By the end of this section, you will be able to:

  • Explain the characteristics of and differences between exponential and logistic growth patterns
  • Give examples of exponential and logistic growth in natural populations
  • Give examples of how the carrying capacity of a habitat may change
  • Compare and contrast density-dependent growth regulation and density-independent growth regulation giving examples

Population ecologists make use of a variety of methods to model population dynamics. An accurate model should be able to describe the changes occurring in a population and predict future changes.

Population Growth

The two simplest models of population growth use deterministic equations (equations that do not account for random events) to describe the rate of change in the size of a population over time. The first of these models, exponential growth, describes theoretical populations that increase in numbers without any limits to their growth. The second model, logistic growth, introduces limits to reproductive growth that become more intense as the population size increases. Neither model adequately describes natural populations, but they provide points of comparison.

Exponential Growth

Charles Darwin, in his theory of natural selection, was greatly influenced by the English clergyman Thomas Malthus. Malthus published a book in 1798 stating that populations with unlimited natural resources grow very rapidly, which represents an exponential growth, and then population growth decreases as resources become depleted, indicating a logistic growth.

The best example of exponential growth in organisms is seen in bacteria. Bacteria are prokaryotes that reproduce largely by binary fission. This division takes about an hour for many bacterial species. If 1000 bacteria are placed in a large flask with an abundant supply of nutrients (so the nutrients will not become quickly depleted), the number of bacteria will have doubled from 1000 to 2000 after just an hour. In another hour, each of the 2000 bacteria will divide, producing 4000 bacteria. After the third hour, there should be 8000 bacteria in the flask. The important concept of exponential growth is that the growth rate—the number of organisms added in each reproductive generation—is itself increasing; that is, the population size is increasing at a greater and greater rate. After 24 of these cycles, the population would have increased from 1000 to more than 16 billion bacteria. When the population size, N, is plotted over time, a J-shaped growth curve is produced (Figure 5.5a).
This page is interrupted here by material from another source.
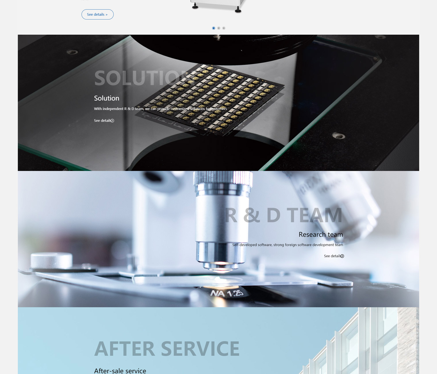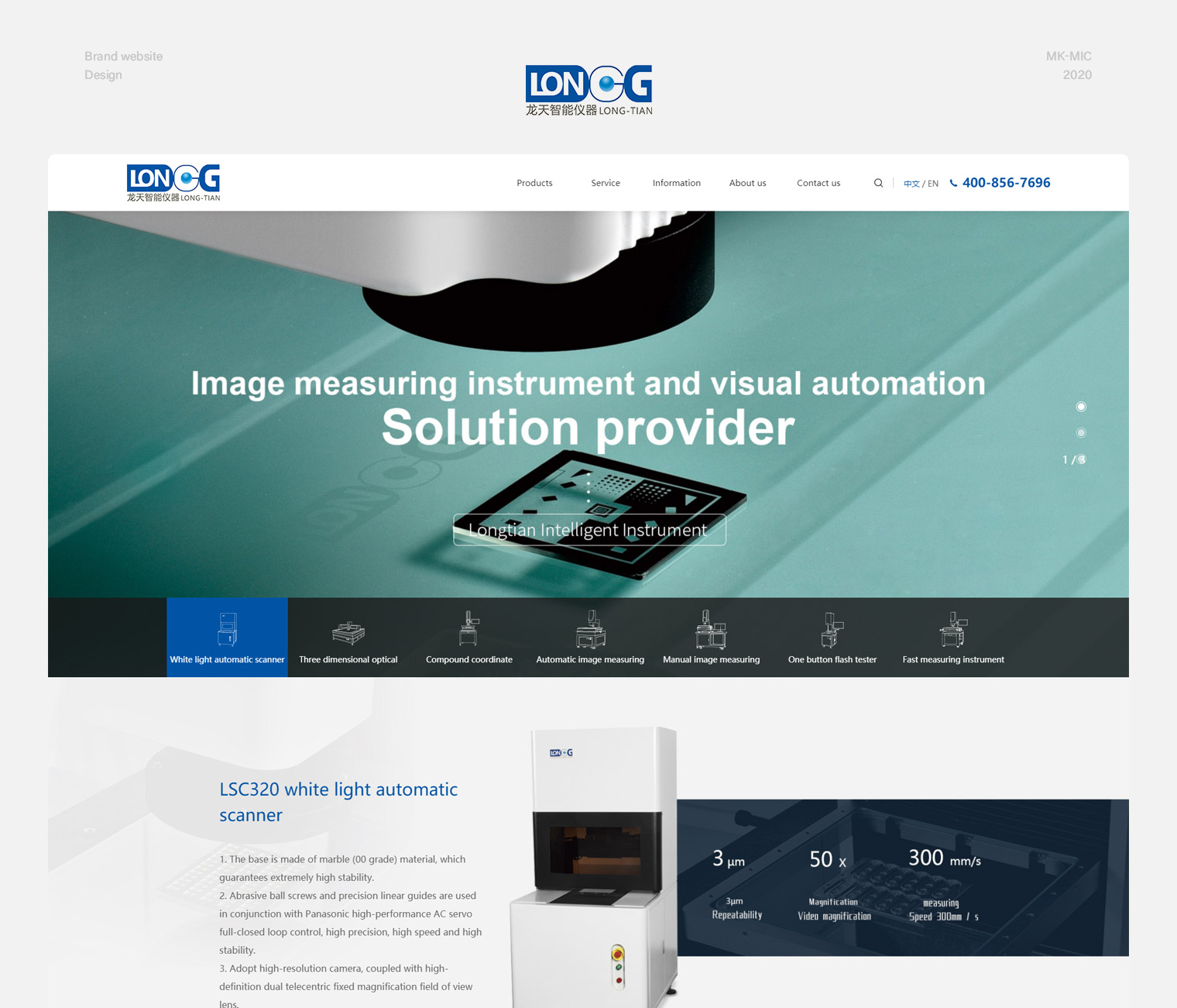 龙天智能仪器拥有强大的研发实力和生产能力,整个网站围绕“智能、科技、精密”主题来塑造,蓝绿色调突出智能仪器行业特点,使画面保证干净、大气的同时突出客户产品特点、优势,产品的独立设计页面让用户全面了解产品的同时保证每款产品的推广效果。

The bacteria-in-a-flask example is not truly representative of the real world where resources are usually limited. However, when a species is introduced into a new habitat that it finds suitable, it may show exponential growth for a while. In the case of the bacteria in the flask, some bacteria will die during the experiment and thus not reproduce; therefore, the growth rate is lowered from a maximal rate in which there is no mortality. The growth rate of a population is largely determined by subtracting the death rateD, (number organisms that die during an interval) from the birth rateB, (number organisms that are born during an interval). The growth rate can be expressed in a simple equation that combines the birth and death rates into a single factor: r. This is shown in the following formula:

Population growth = rN

N is the current size of the population. The value of r can be positive, meaning the population is increasing in size (the rate of change is positive); or negative, meaning the population is decreasing in size; or zero, in which case the population size is unchanging, a condition known as zero population growth. This formula handy for understanding basic population dynamics, but it’s a simplified model. It assumes that the rate r is constant, which is not usually the case in real-world scenarios.

Logistic Growth

Extended exponential growth is possible only when infinite natural resources are available; this is not the case in the real world. Charles Darwin recognized this fact in his description of the “struggle for existence,” which states that individuals will compete (with members of their own or other species) for limited resources. The successful ones are more likely to survive and pass on the traits that made them successful to the next generation at a greater rate (natural selection). To model the reality of limited resources, population ecologists developed the logistic growth model.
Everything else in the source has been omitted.